25 Februar 2012
Der Atlas des Westens V
Das ist jetzt meine letzte Bemerkung zu der Auseinandersetzung mit dem Text von Daniele Del Giudice. Ich habe das schon einmal an anderer Stelle gesagt. Da wollte das keiner hören. Deswegen sage ich es jetzt noch einmal. Ich wiederhole das so lange, bis man mir endlich Gehör schenkt oder mir widerspricht: Die Bilder der Physiker – vom Universum und dem ganzen Rest – sind sehr schöne, in erster Linie allerdings poetische Bilder. Wir visualisieren die Umstände, um sie uns vorstellen zu können. Aber was wir uns vorstellen können, ist nicht die Wahrheit über das, was da draußen wirklich ist. Es ist die Wahrheit über das, was wir uns vorstellen.
Meine Vermutung zu dieser Teilchen-Physik ist: diese Leute sind auf der Suche nach einem Bild und nicht nach einem Ereignis. Oder in den Worten, die wir hier bereits hatten: unter den Worten verbergen sich die Bilder.
Wenn auch nicht jede Zeile gleich erhellt:
geschehn aus unablässigem Bestreben.
Aléa hat’s hierher gestellt,
und zwar soeben.
Geschrieben: Februar 25th, 2012 unter - Del Giudice, Daniele : Atlas des Westens, kurz
Kommentar von Alice
Datum/Uhrzeit 25. Februar 2012 um 13:38
Liebe Aléa,
ich möchte Ihnen mit zwei Zitaten antworten. Es geht darin um die Subjektivität und Zirkularität von Erkenntnisprozessen. Die chilenischen Autoren Humberto R. Maturana und Francisco J. Varela stehen in der Nachfolge von Wittgenstein, Bateson und Luhmann.

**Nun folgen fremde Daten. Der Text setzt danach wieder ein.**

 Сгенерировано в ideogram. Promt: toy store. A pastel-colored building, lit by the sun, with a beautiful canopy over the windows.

“Wir sind aufgefordert, unsere alltäglichen Einstellungen beiseite zu legen und aufzuhören, unsere Erfahrung als versehen mit dem Siegel der Unanzweifelbarkeit zu betrachten – so als würde sie eine absolute Welt widerspiegeln. In diesem Sinne werden wir ständig festzustellen haben, dass man das Phänomen des Erkennens nicht so auffassen kann, als gäbe es “Tatsachen” und Objekte “da draußen”, die man nur aufzugreifen und in den Kopf hineinzutun habe. (…) Die Erfahrung von jedem Ding “da draußen” wird auf eine spezifische Weise durch die menschliche Struktur konfiguriert, welche “das Ding” das, in der Beschreibung entsteht, erst möglich macht. Diese Zirkularität, diese Verkettung von Handlung und Erfahrung, diese Untrennbarkeit einer bestimmten Art zu sein von der Art, wie die Welt uns erscheint, sagt uns, dass jeder Akt des Erkennens eine Welt hervorbringt.”

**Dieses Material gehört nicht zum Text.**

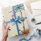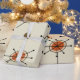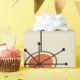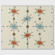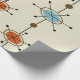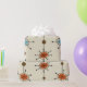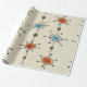 En vintage som har utmärkts till mitten av århundradet av modern abstrakt mönster med retrosputnik-stjärnor i bränd orange och himlar blue.

in: Humberto R. Marurana; Francisco J. Varela: Der Baum der Erkenntnis. Bern und München, 1987, S.31
Natürlich stellt sich hier die Frage, wie es in einer Welt ohne festen Bezugspunkt, in einer Welt, die wir über Kommunikation immer wieder neu hervorbringen, möglich sein kann, allgemeine Aussagen über Wahrheit, Ethik, Moral zu treffen.

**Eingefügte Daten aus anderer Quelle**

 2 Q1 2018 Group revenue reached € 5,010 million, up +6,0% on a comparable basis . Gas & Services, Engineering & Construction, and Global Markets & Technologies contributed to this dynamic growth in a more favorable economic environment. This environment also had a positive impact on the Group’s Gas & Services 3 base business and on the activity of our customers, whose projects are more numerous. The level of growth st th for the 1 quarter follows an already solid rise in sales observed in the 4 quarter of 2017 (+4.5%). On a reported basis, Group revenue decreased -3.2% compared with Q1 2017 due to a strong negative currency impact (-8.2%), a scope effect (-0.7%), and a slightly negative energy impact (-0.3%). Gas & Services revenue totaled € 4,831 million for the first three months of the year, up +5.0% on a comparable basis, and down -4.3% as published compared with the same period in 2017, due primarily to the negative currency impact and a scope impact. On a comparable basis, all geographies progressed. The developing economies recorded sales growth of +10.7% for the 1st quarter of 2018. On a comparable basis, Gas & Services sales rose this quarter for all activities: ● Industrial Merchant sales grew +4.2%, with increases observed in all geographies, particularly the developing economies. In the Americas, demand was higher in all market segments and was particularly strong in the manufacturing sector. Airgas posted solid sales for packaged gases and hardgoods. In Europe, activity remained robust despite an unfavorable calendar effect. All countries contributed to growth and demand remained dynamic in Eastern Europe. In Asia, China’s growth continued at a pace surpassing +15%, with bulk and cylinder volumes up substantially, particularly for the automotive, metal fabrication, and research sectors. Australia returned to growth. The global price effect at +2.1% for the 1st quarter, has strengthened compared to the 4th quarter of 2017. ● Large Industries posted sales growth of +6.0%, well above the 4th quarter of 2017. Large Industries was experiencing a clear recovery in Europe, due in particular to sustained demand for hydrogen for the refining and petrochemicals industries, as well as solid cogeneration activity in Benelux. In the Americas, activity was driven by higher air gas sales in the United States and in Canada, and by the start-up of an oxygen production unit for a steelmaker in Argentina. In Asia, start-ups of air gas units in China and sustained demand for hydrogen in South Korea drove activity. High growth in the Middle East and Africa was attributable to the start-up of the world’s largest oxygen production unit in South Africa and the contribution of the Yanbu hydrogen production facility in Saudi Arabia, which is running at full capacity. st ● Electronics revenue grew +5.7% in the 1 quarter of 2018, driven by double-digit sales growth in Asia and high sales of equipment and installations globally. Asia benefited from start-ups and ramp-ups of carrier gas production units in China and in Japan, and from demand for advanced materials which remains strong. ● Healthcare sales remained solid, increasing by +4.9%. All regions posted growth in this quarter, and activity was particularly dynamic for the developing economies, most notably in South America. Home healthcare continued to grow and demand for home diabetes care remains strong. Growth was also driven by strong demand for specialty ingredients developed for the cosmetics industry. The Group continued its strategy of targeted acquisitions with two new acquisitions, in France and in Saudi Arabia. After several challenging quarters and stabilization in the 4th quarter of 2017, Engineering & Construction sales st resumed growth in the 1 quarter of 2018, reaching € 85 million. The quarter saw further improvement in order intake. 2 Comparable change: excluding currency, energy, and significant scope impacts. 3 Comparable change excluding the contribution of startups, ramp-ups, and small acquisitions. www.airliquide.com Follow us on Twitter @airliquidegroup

Die Autoren machen dazu zum Ende ihres Buches folgende Aussage, in meinem Verständnis als Türöffner zur weiteren und vertiefenden Reflexion:
“Alles menschliche Tun findet in der Sprache statt. Jede Handlung in der Sprache bringt eine Welt hervor, die mit anderen im Vollzug der Koexistenz geschaffen wird und das hervorbringt, was das Menschliche ist. So hat alles menschliche Tun eine ethische Bedeutung, denn es ist ein Tun, das dazu beiträgt, die menschliche Welt zu erzeugen. Diese Verknüpfung der Menschen miteinander ist letztlich die Grundlage aller Ethik als eine Reflexion über die Berechtigung der Anwesenheit des anderen.” a.a.O. S. 265
Zum Stichwort “visualisieren” möchte ich noch auf das Phänomen des “blinden Flecks” hinweisen, das mit der biologischen Beschaffenheit unseres Auges zu tun hat: Dort, wo der Sehnerv aus der Netzhaut austritt, befinden sich keine Sehnzellen, wir sehen dort also nichts. Diese “visuellen Löcher” nehmen wir aber nicht wahr. Wir bilden uns ein, “das Ganze” zu sehen.